◆ TASK GOAL ◆
Apart from the pictures, every part of the records below gets retyped exactly.

*** Opening of ENTRIES PROVIDED ***

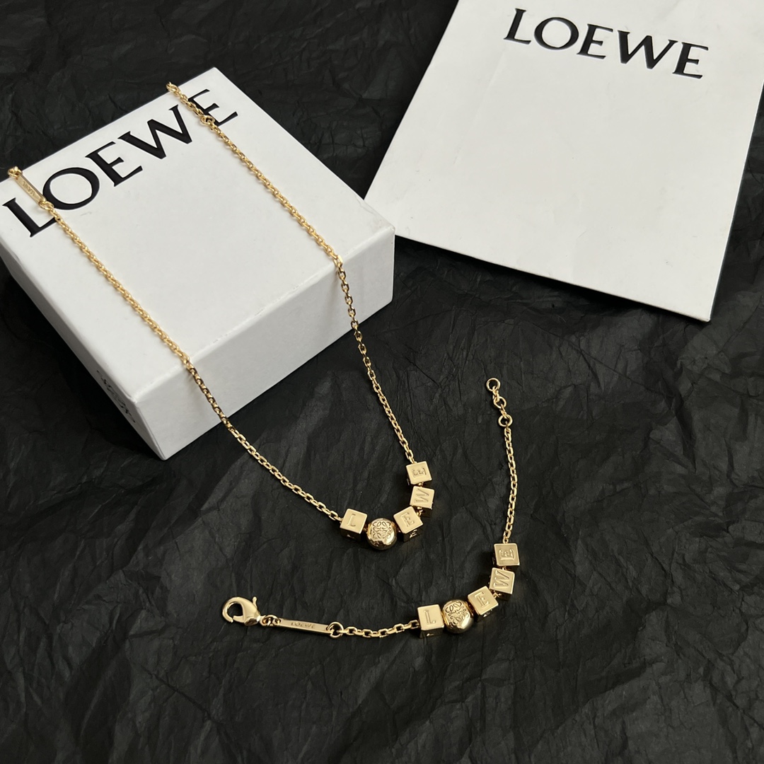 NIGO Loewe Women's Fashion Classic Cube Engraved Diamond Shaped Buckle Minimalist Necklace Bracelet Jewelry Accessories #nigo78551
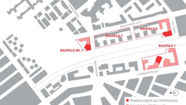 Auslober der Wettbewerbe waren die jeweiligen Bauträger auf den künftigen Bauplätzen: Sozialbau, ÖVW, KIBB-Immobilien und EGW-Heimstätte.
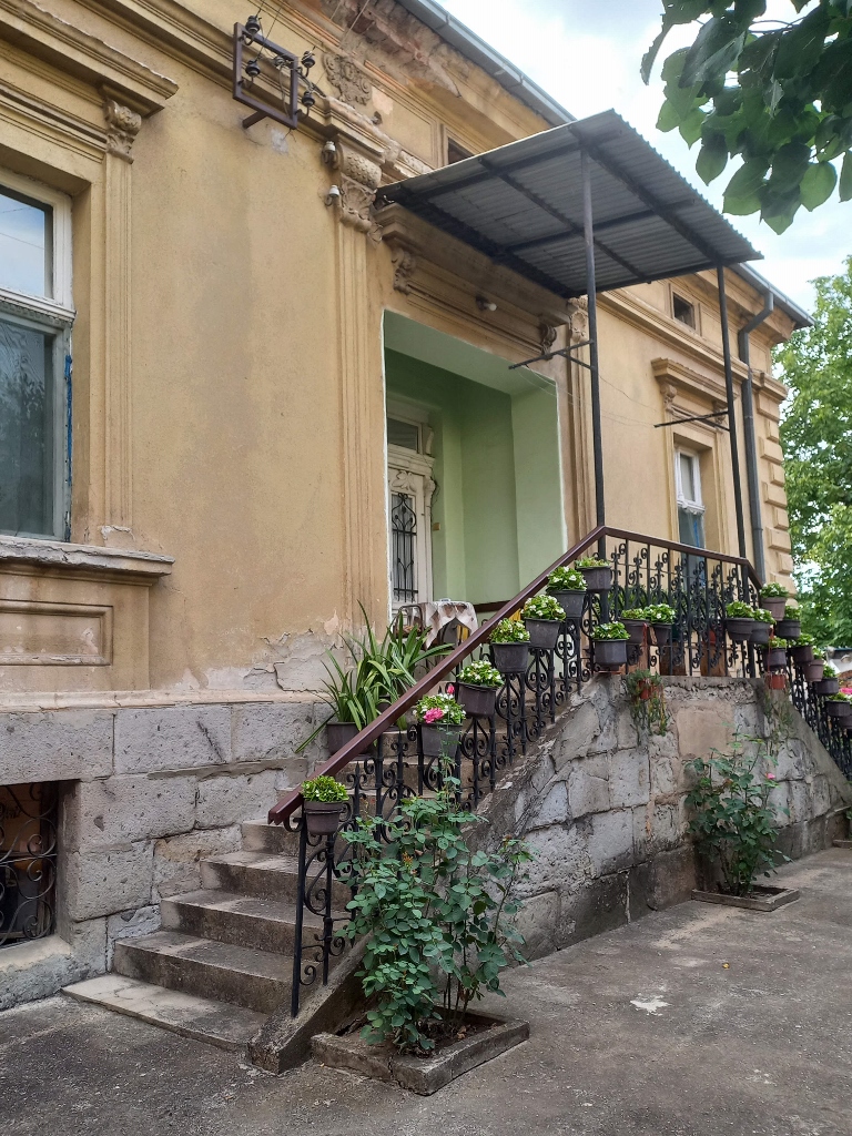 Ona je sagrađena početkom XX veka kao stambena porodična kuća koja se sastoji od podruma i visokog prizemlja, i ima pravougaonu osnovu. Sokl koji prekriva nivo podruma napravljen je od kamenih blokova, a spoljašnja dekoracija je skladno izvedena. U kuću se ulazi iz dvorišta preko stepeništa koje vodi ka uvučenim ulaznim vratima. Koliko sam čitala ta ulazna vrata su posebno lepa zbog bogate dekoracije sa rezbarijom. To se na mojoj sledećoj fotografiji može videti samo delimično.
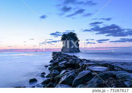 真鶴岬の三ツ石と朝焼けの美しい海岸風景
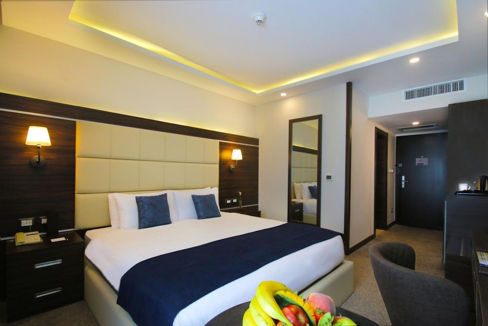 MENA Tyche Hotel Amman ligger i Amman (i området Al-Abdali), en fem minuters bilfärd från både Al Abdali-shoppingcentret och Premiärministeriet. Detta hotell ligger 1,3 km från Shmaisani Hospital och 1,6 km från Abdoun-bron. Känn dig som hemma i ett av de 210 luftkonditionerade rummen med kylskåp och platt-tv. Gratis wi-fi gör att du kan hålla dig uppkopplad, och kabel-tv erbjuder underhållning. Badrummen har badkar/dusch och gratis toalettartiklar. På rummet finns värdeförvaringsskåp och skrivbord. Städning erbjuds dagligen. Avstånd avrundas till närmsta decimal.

*** Close of ENTRIES PROVIDED ***

◆ THE ANSWER ◆
 NIGO Loewe Women's Fashion Classic Cube Engraved Diamond Shaped Buckle Minimalist Necklace Bracelet Jewelry Accessories #nigo78551
 Auslober der Wettbewerbe waren die jeweiligen Bauträger auf den künftigen Bauplätzen: Sozialbau, ÖVW, KIBB-Immobilien und EGW-Heimstätte.
 Ona je sagrađena početkom XX veka kao stambena porodična kuća koja se sastoji od podruma i visokog prizemlja, i ima pravougaonu osnovu. Sokl koji prekriva nivo podruma napravljen je od kamenih blokova, a spoljašnja dekoracija je skladno izvedena. U kuću se ulazi iz dvorišta preko stepeništa koje vodi ka uvučenim ulaznim vratima. Koliko sam čitala ta ulazna vrata su posebno lepa zbog bogate dekoracije sa rezbarijom. To se na mojoj sledećoj fotografiji može videti samo delimično.
 真鶴岬の三ツ石と朝焼けの美しい海岸風景
 MENA Tyche Hotel Amman ligger i Amman (i området Al-Abdali), en fem minuters bilfärd från både Al Abdali-shoppingcentret och Premiärministeriet. Detta hotell ligger 1,3 km från Shmaisani Hospital och 1,6 km från Abdoun-bron. Känn dig som hemma i ett av de 210 luftkonditionerade rummen med kylskåp och platt-tv. Gratis wi-fi gör att du kan hålla dig uppkopplad, och kabel-tv erbjuder underhållning. Badrummen har badkar/dusch och gratis toalettartiklar. På rummet finns värdeförvaringsskåp och skrivbord. Städning erbjuds dagligen. Avstånd avrundas till närmsta decimal.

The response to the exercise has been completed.